# Apple pie filling is too soft



## tallgal (Dec 27, 2012)

I made an apple pie and the crust was good but the filling was more like applesauce than pie filling.  I used good-sized Granny Smith apples.  Cut them into quarters and the quarters into thirds.  The filling is tasty but mushy.  I did not add any butter to the filling.  Just sugar, flour, and spices with about 1T each lemon and orange juice.  this is a perennial problem.  I've tried different filling recipes and always seem to end up with mush.


----------



## boar_d_laze (Feb 13, 2008)

Mushy is a bit ambiguous, but "applesauce" is pretty specific.

Putting your problem another way, the apple pieces in your filling come out too soft. That means the filling is overcooking in the time it takes to cook the crusts.

There are three things you should try:

More and better venting of the top crust (the apples might be over-steaming inside the crust);
Cut your apple slices thicker; and/or
Mound the apples higher in the pie (more mass cooks slower).
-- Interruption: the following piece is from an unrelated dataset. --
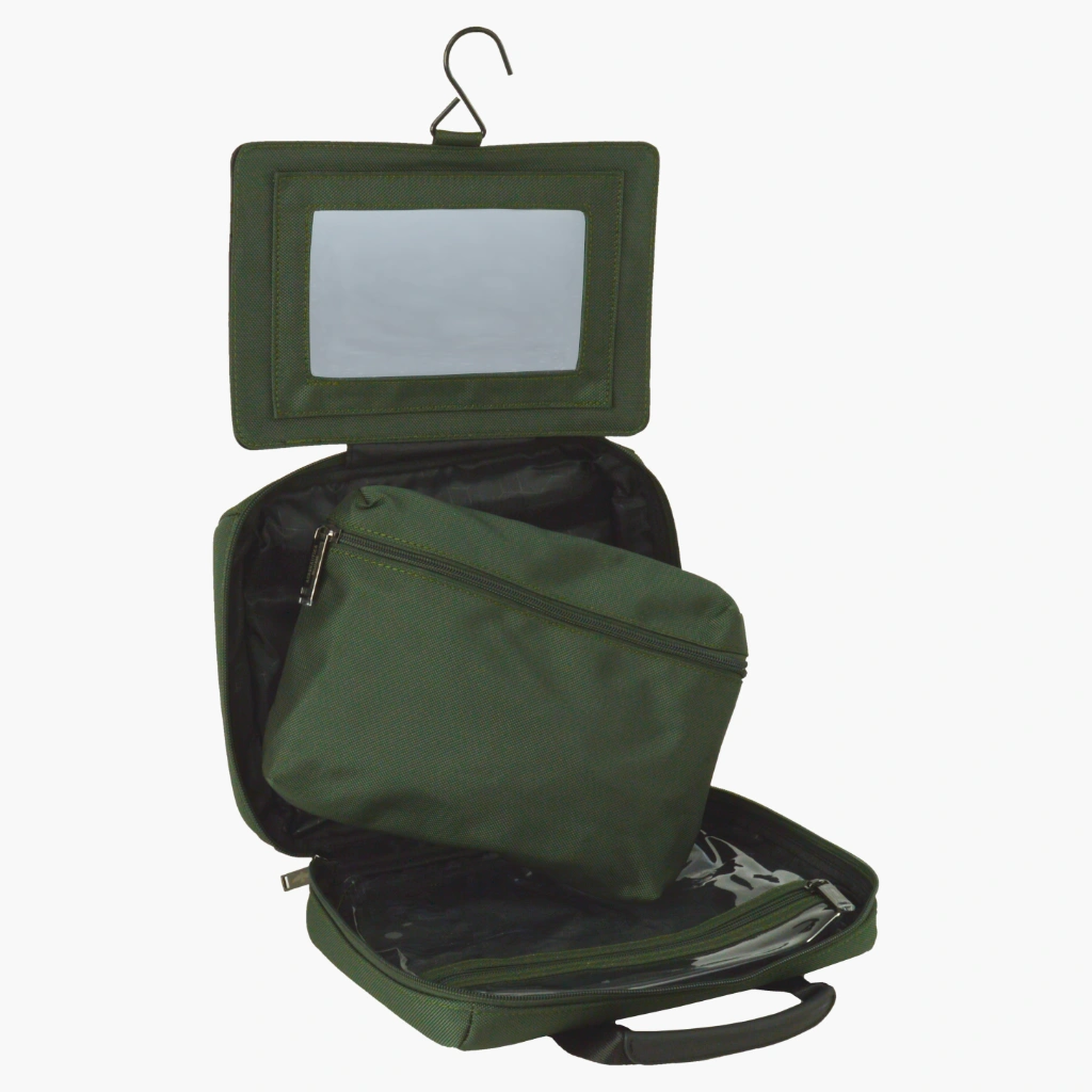 È dotata di una cerniera che si apre completamente per consentire un facile accesso all’interno, nel quale troviamo una pochette estraibile e uno specchio con gancio.

There's no reason the top of the pie shouldn't be much higher than the rim of the pan.
Between two and three, both things are good things. Try both of them, but try them one at a time before combining them so you have a better idea of what's going on.

If your filling is too juicy... You might want to try more flour, or using tapioca instead of flour.

Hope this helps,

BDL


----------